What happens during an audit?
Internal audit conducts assurance audits through a five-phase process which includes selection, planning, conducting fieldwork, reporting results, and following up on corrective action plans.
Audit activities are selected using a risk based approach. Internal audit meets with leadership and management during the development of the annual audit plan to discusses risks and potential impediments to meeting objectives. This plan is approved by the Executive and Audit Committee of the Board of Trustees. Audits can also be conducted based on concerns reported on the fraud and ethics hotline.
Each audit requires planning, starting from defining the scope and objective to developing audit steps to meet the objective. Internal audit conducts an entrance meeting with management to discuss the purpose of the audit, risk factors, and other logistics. Management is included in the planning phase and the details are documented in a planning and scoping memo.
During the fieldwork phase, auditors conduct the steps identified in the planning process. Steps often include conducting interviews, reviewing laws, policies and best practice, verifying sample transactions, analyzing data sets, and conducting surveys. Auditors meet regularly with management throughout fieldwork and discuss the status of the audit, preliminary observations, and potential recommendations.
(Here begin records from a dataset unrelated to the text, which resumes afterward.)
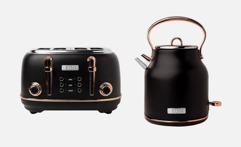 $28.89 Haden Heritage 4 Slice Wide Slot Toaster & Electric Kettle, Black & Copper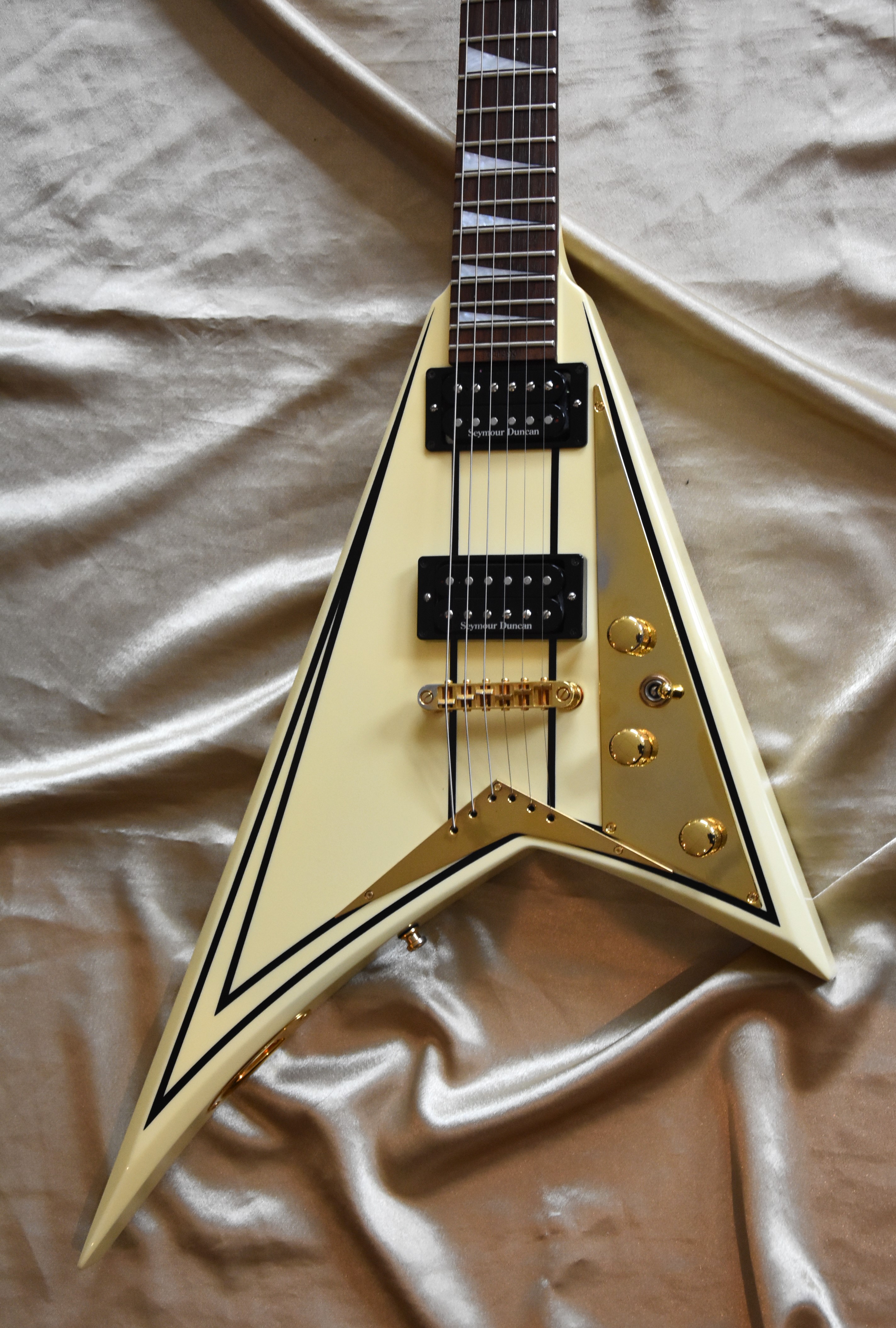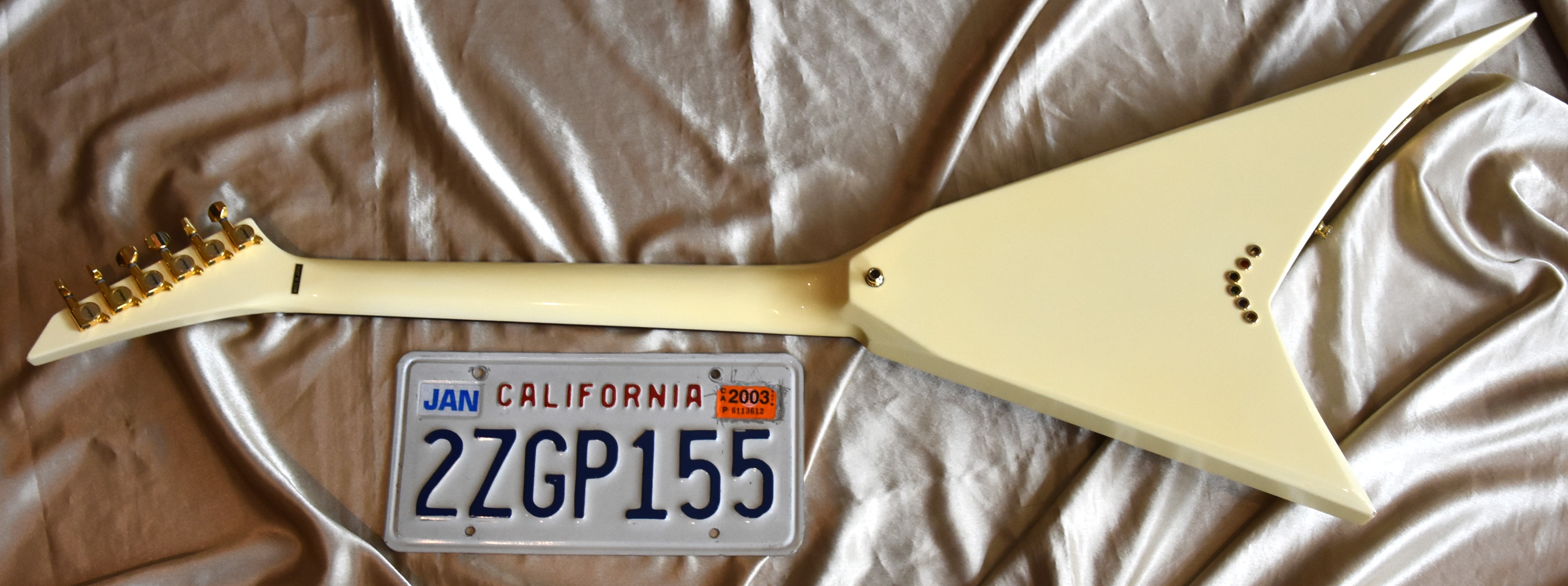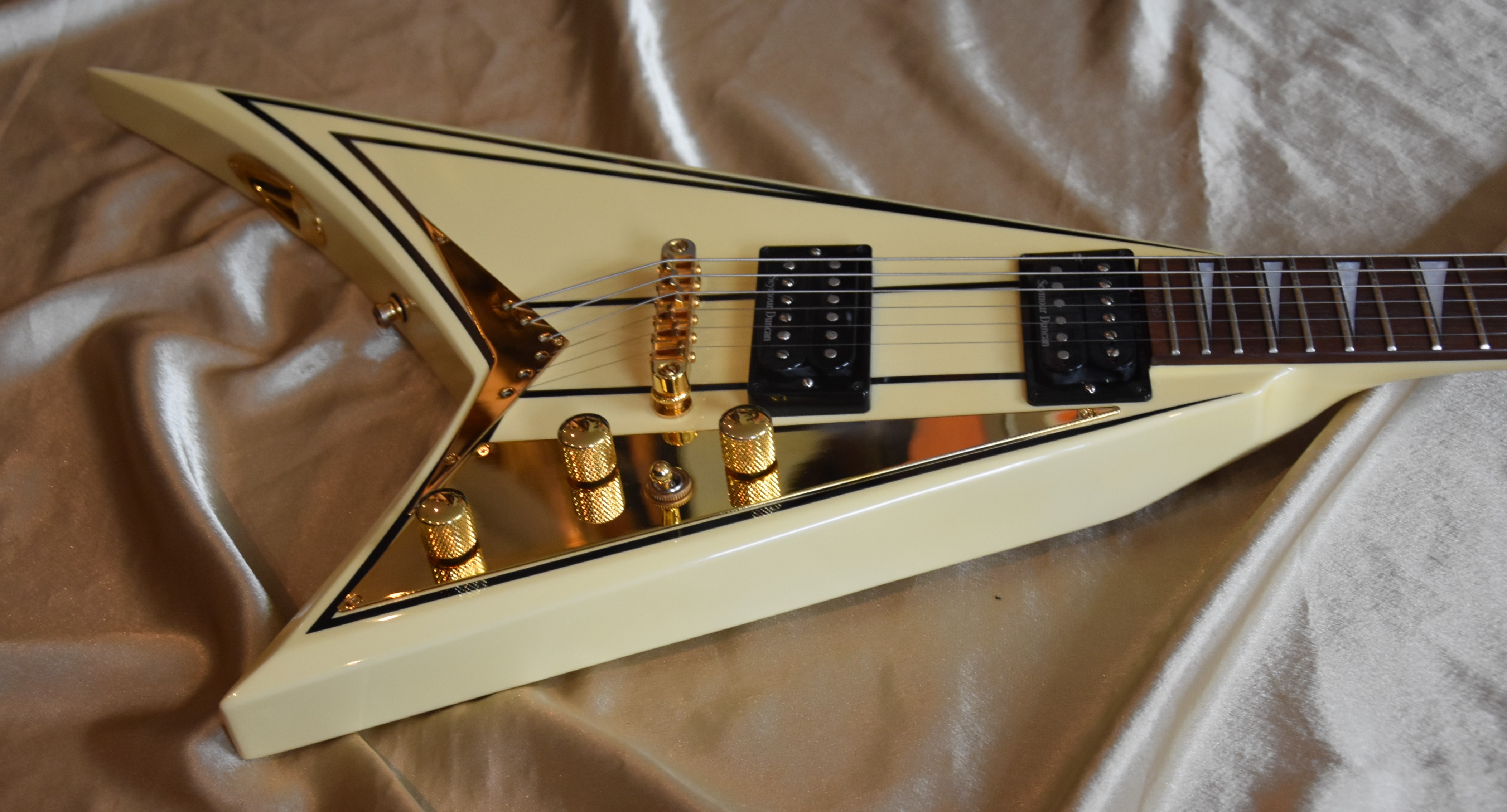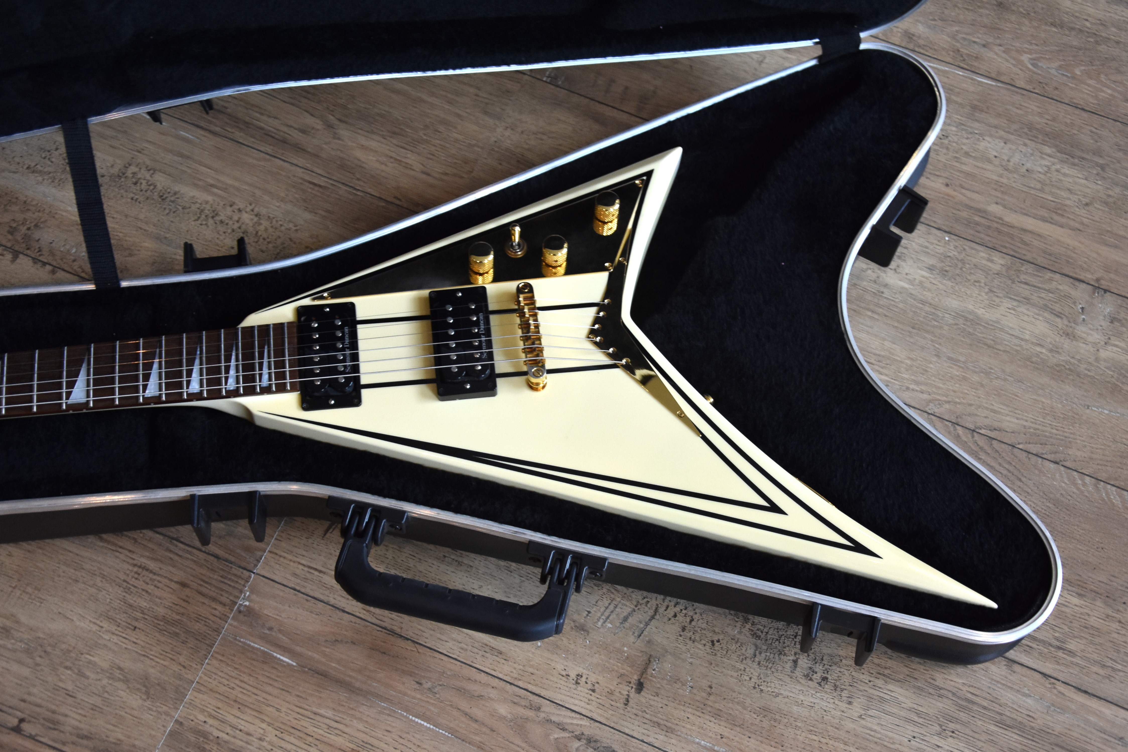 C'est la finition de La Randy Rhoads originale coloris crème , manche traversant black stripes et cordes traversantes a la manière d'une Flying v 58 .
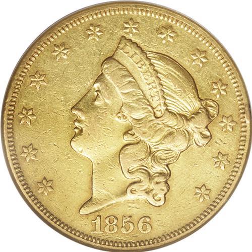 <B>1856-O<$20>--Improperly Cleaned--NCS. XF Details.</B></I> This is the classic key-date issue in the Liberty double eagle series, and this example with its light hairlines and minor abrasions may prove to be an affordable alternative to those coins that have been offered in the recent past. The original mintage of this coin was just 2,250 pieces, making it the rarest New Orleans Mint double eagle, with only the 1854-O issue being a close contender. Very few coins struck at this Southern branch mint have lower mintages or smaller surviving population. Estimates of the number of survivors range from a low of 10 coins (Breen) to a high of 20 coins (Winter). Most examples surviving today are similar quality to this coin, being in the Very Fine to Extremely Fine range. Perhaps just three or four finer examples exist, including a splendid Mint State specimen.<BR> The surfaces are medium greenish-gold, with hints of pinkish color on the devices. Despite being cleaned, the fields retain reflectivity that is always seen on these coins. Traces of luster are still visible around the devices. The surfaces are lightly abraded as usual, with two or three specific marks for pedigree tracking. Hair details are a little softly defined, as are the eagle's wingtips; however, all other obverse and reverse design details are well defined. The obverse has a small rim bruise at 3 o'clock and a tiny abrasions close to the bust line above the right side of the digit 5. The reverse has a short horizontal mark above the right side of the eagle's head, but in a different location from the coin we sold in our 1997 ANA sale.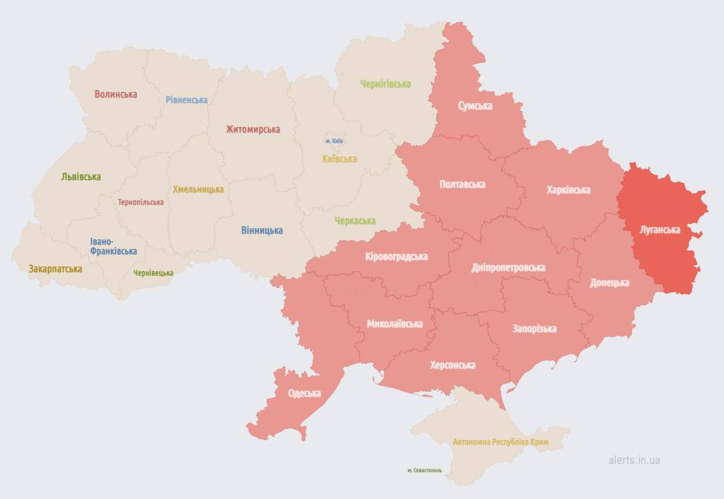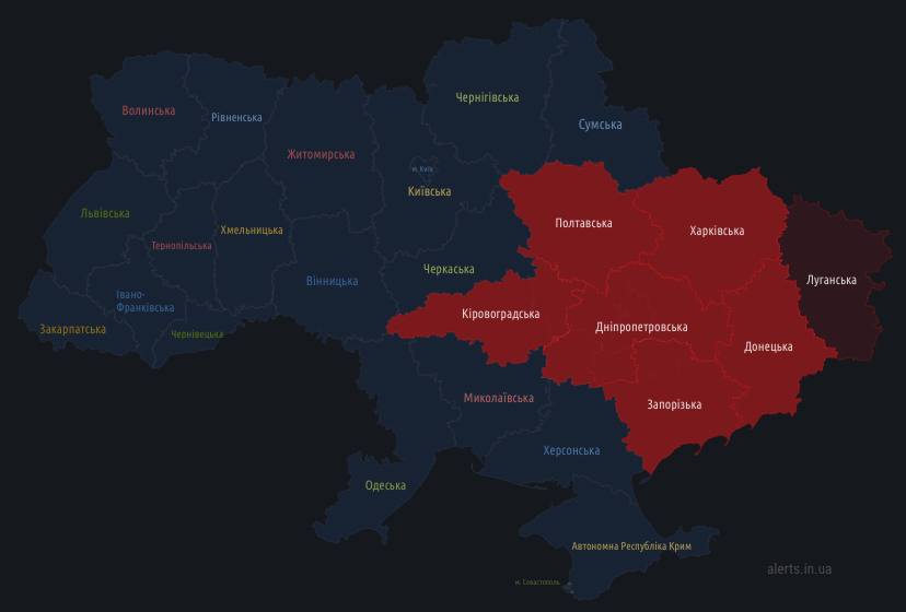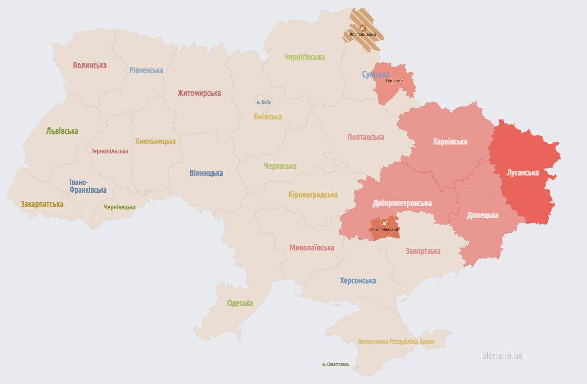 12:43 Карта воздушных тревог сейчас выглядит так.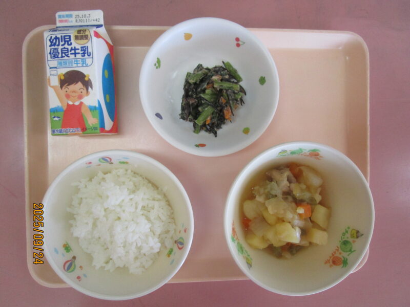 ・ごはん ・鶏肉とじゃが芋の煮物 ・ひじきと青菜のサラダ ・牛乳
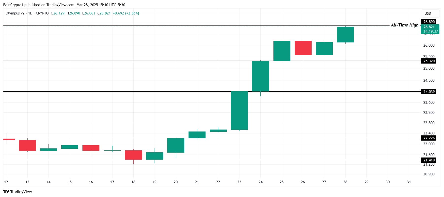Attualmente scambiato a $26,82, OHM è pronto per una ulteriore crescita, supponendo un continuo supporto degli investitori. Se il sentimento rialzista persistesse, OHM potrebbe salire a $30,00, estendendo i suoi recenti guadagni e creando nuovi massimi storici. L’altcoin ha mostrato un potenziale significativo, rendendolo un’opzione attraente per gli investitori a breve termine.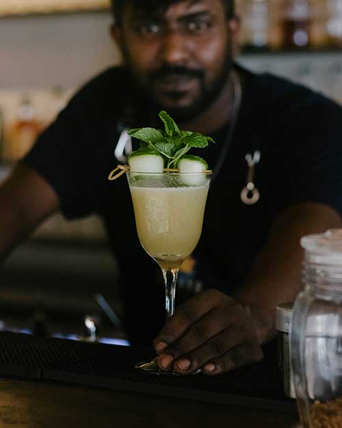 The team, composed primarily of passionate individuals from the South of the island, through adversity and rigorous training, have mastered culinary techniques by adapting methods that enhance the natural qualities of spices, herbs, and indigenous ingredients such as wild bee honey, the team brings out the richness of Sri Lanka’s culinary heritage in every dish and drink. The bars’ standout creations include teas infused with local flavors, all crafted in-house with
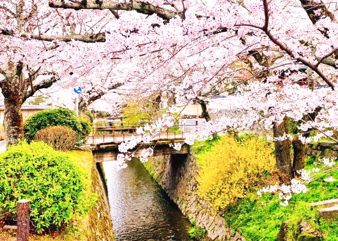 긴카구지에서 에이칸도까지 이어지는 길인데요. 운하를 따라서 심어진 약 400그루의 벚나무(왕벚나무, 오시마자쿠라, 야에자쿠라, 수양벚나무)를 간세츠 벚꽃이라고 부르는데요. 운하를 따라 늘어선 벚꽃과 작은 돌다리가 인상적입니다. 또한 동백, 개나리, 유채꽃 등 봄꽃들과 어우러저 봄을 만끽할 수 있다고 합니다. 벚꽃 절정 기간은 3월 말부터 4월 초까지입니다.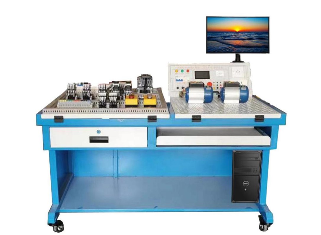 設(shè)備由實(shí)訓(xùn)屏(內(nèi)置電源)、實(shí)訓(xùn)桌(含鍵盤)、儲(chǔ)物柜三大部分組成。鋼制表面經(jīng)高溫噴塑處理,美觀大方且有效起到防銹絕緣的作用;電源箱的布局依次為電源保護(hù)裝置、電源指示裝置、電源輸出;實(shí)訓(xùn)桌左側(cè)安裝有角度可以調(diào)節(jié)的嵌入式的考核平臺(tái)1張,所有元器件均采用端子引出,學(xué)生接線只需在端子上進(jìn)行接線,可以有效的保護(hù)元器件,轉(zhuǎn)接端子采用接插兩用端子排,方便與元器件和實(shí)訓(xùn)電源屏的連接,右側(cè)裝有網(wǎng)孔板一塊,角度可調(diào)嵌入式安裝;實(shí)驗(yàn)桌底部裝有至少4個(gè)導(dǎo)向輪,方便設(shè)備移動(dòng);儲(chǔ)物柜采用標(biāo)準(zhǔn)結(jié)構(gòu)和抽屜式,用于存放工具以及實(shí)訓(xùn)資料。電腦通過可調(diào)節(jié)電腦支架安裝于電源屏的上方。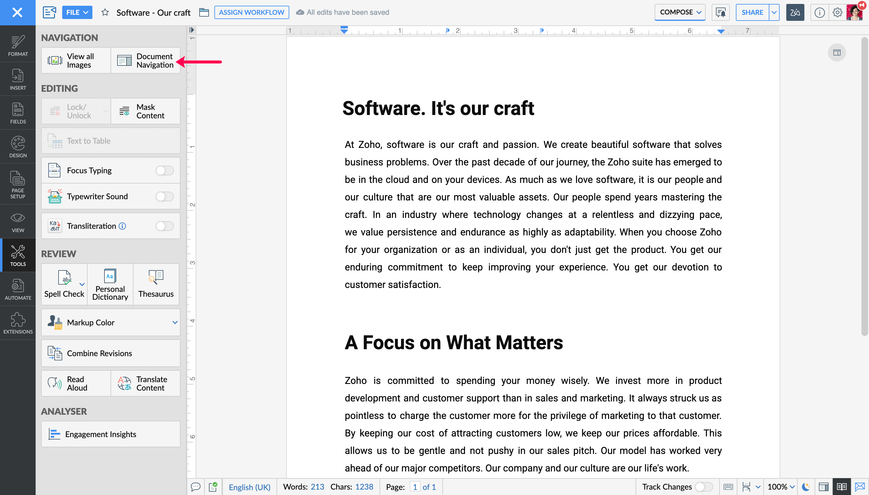 The Read Aloud feature in Zoho Writer allows you to have your document read aloud to you by a computer voice by using text-to-speech (TTS) to play back written text as spoken words. This can be helpful for a variety of reasons, such as: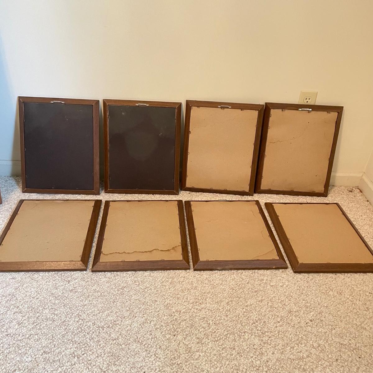 Eight vintage documents behind glass in wood frames. Frames and documents show blemishes, but it adds to the charm of the set. Documents are not matted, each frame measures 13” x 16”H. Shipping available.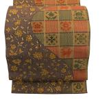 美品 名古屋帯 優品 八寸名古屋帯 鳥 草花 茶色 正絹 中古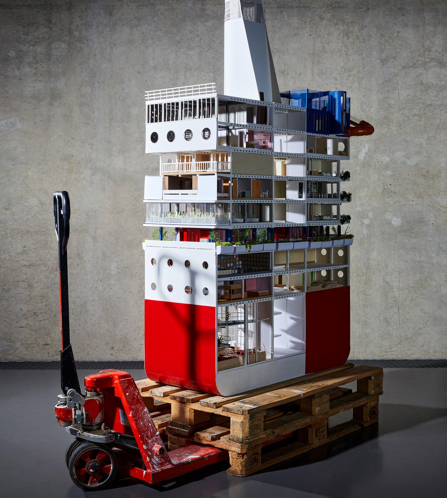 Студентам бакалавриата высшей школы искусства и дизайна Женевы (HEAD Genève) было предложено преобразовать часть круизного лайнера, вышедший из строя и подлежащий переработке, в минимальные единицы жилья, использующиеся для беженцев. Студенты самостоятельно сформулировали бриф своих жилых ячеек, разработали квартиры и общественные пространства в заданных рамках, сделали прототипы ключевых элементов в масштабе 1:1.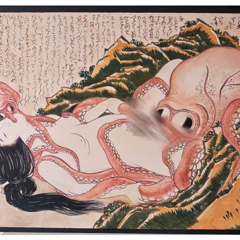 Mustavalkoinen taiteellinen juliste, jossa on piirros kahdesta henkilöstä. Julisteessa on perinteinen japanilaistyylinen teksti taustalla. Kuvassa on myös lisätty koristeellinen malja, jossa on punaisia kukkia.

Auditors conduct an exit meeting with management at the conclusion of the fieldwork to discuss the results of the audit, specific findings and recommendations and other observations. Auditors communicate these to management through an audit observation memo and ask management to provide a response with a corrective action plan and timeline to implement. These responses are included in the final report. Management and leadership are provided an opportunity to review drafts and provide feedback.
All audit recommendations and management corrective action plans are followed up on to provide assurance that plans are implemented. Corrective action plans that do not appear to be progressing are reported annually to the president and Executive and Audit Committee.